Report each line of the data that includes the word "dieser".

Excerpts from a dataset
-- Opening Marker --

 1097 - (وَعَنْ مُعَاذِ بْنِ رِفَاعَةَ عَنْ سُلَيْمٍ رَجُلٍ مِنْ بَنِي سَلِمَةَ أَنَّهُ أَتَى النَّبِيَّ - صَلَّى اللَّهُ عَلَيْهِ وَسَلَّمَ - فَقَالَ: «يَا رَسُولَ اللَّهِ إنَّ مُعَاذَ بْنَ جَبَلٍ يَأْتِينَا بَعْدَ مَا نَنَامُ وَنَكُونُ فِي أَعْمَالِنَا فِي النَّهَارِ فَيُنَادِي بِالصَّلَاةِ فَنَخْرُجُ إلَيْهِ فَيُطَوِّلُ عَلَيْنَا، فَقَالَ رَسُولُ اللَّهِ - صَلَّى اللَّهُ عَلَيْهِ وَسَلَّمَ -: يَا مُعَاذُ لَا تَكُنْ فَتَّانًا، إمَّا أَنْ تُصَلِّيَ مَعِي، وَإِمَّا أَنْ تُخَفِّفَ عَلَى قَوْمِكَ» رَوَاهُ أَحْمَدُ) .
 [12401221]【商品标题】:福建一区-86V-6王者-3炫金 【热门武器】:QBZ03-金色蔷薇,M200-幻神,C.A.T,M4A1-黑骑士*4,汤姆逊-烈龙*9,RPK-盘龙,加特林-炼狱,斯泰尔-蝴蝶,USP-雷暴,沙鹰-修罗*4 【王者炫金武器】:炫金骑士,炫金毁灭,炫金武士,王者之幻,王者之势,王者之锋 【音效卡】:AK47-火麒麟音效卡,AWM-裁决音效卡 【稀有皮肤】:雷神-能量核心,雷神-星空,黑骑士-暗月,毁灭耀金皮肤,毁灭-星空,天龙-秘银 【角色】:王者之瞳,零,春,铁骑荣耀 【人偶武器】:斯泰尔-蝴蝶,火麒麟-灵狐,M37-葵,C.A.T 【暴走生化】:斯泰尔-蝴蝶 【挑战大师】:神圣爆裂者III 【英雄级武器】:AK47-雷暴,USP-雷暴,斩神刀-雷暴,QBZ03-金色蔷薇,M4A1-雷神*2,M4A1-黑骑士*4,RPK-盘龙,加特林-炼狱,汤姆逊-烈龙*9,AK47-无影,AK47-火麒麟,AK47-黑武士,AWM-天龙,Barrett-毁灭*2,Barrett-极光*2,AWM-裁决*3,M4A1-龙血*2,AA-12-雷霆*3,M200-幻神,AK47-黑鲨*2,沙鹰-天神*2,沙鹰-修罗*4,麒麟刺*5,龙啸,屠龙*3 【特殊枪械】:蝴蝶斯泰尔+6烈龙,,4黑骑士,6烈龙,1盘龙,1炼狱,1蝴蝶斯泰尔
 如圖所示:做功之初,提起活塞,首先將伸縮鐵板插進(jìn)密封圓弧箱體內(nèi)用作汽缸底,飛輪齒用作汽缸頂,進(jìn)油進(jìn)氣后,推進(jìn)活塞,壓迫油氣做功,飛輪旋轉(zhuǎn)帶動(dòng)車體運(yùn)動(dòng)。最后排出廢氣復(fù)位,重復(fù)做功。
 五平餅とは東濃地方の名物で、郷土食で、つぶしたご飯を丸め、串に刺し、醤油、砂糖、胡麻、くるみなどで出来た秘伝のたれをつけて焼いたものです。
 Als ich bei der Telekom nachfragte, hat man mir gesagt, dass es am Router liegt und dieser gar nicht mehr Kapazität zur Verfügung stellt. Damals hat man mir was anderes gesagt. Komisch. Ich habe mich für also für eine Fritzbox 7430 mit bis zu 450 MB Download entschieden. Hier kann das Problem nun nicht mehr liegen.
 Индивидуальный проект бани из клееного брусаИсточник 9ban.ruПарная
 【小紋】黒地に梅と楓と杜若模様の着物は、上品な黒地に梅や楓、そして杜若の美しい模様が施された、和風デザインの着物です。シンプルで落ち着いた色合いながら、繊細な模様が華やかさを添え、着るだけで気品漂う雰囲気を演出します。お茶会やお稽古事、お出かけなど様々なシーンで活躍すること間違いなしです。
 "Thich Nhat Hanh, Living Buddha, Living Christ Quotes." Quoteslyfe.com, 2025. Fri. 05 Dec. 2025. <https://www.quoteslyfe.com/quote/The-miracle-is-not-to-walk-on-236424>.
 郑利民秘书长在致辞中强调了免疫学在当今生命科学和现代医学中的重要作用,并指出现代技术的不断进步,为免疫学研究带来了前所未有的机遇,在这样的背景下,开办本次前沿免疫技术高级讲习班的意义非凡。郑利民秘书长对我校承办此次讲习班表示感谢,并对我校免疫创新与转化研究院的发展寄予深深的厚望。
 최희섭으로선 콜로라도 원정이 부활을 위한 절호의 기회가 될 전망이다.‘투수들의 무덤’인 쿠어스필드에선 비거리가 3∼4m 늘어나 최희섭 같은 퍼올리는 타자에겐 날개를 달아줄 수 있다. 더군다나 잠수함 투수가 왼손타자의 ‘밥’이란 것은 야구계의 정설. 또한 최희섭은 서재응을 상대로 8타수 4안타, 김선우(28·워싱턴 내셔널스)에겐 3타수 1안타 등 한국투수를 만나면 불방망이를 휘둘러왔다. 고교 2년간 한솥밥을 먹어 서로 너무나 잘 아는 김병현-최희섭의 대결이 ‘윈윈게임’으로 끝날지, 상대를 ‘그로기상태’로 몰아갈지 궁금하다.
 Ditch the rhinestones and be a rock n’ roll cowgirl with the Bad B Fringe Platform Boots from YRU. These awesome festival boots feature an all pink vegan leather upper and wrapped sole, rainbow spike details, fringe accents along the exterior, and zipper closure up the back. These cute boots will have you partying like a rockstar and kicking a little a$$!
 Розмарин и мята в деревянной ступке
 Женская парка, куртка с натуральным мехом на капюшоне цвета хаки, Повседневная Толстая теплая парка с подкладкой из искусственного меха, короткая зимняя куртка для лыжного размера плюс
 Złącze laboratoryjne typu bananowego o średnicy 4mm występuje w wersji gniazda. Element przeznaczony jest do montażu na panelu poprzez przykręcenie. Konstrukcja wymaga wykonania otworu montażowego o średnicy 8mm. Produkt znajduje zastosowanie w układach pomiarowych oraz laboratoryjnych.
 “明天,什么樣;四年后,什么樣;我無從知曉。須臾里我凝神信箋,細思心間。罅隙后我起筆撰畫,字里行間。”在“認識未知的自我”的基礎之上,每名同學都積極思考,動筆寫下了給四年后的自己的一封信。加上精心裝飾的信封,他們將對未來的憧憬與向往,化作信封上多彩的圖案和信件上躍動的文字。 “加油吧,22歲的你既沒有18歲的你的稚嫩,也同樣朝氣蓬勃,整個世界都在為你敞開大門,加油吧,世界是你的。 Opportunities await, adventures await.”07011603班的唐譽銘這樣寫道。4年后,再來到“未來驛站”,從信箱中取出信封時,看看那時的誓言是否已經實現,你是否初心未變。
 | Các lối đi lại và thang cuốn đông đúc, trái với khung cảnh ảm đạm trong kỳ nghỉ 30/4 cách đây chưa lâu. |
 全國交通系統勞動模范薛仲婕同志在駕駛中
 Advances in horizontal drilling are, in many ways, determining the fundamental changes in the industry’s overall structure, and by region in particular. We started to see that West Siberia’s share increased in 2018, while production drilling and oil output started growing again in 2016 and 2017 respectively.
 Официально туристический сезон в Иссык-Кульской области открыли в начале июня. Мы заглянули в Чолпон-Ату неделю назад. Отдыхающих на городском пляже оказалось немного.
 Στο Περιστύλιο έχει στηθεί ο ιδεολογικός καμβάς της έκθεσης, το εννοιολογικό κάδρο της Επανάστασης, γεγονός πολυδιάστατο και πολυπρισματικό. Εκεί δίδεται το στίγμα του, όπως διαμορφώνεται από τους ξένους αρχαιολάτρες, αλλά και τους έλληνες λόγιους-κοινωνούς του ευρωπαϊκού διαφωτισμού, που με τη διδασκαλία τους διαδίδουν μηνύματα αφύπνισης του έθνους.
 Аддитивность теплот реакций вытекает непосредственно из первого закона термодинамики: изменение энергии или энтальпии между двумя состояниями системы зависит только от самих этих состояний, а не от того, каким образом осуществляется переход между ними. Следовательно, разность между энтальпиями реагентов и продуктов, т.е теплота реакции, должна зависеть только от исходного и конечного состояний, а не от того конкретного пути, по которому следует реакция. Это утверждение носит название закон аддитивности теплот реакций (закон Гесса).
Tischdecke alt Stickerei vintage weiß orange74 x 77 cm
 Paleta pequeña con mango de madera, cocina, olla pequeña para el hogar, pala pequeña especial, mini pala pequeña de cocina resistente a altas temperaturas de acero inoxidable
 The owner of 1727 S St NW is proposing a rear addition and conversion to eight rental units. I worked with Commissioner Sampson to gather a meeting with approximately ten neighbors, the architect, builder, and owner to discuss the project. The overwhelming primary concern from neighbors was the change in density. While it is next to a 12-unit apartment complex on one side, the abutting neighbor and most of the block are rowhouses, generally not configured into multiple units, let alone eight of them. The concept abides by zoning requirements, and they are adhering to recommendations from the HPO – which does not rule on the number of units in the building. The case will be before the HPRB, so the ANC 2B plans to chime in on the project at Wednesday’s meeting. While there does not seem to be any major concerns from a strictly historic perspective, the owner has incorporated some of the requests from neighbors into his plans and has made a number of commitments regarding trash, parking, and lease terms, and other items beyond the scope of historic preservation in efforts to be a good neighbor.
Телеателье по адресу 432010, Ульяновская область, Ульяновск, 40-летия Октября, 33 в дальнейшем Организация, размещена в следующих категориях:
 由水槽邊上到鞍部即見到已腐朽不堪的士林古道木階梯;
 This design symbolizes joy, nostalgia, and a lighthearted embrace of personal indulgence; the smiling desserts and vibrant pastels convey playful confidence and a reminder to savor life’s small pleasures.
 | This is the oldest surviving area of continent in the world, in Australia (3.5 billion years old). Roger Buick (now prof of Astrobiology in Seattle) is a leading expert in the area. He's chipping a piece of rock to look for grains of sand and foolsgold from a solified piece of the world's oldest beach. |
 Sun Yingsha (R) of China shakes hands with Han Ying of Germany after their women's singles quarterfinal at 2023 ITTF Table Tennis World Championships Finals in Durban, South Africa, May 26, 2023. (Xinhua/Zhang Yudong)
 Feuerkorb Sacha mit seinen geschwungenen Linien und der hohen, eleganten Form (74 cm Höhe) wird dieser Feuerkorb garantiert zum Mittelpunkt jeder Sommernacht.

-- Closing Marker --

## Answer area
 Als ich bei der Telekom nachfragte, hat man mir gesagt, dass es am Router liegt und dieser gar nicht mehr Kapazität zur Verfügung stellt. Damals hat man mir was anderes gesagt. Komisch. Ich habe mich für also für eine Fritzbox 7430 mit bis zu 450 MB Download entschieden. Hier kann das Problem nun nicht mehr liegen.
 Feuerkorb Sacha mit seinen geschwungenen Linien und der hohen, eleganten Form (74 cm Höhe) wird dieser Feuerkorb garantiert zum Mittelpunkt jeder Sommernacht.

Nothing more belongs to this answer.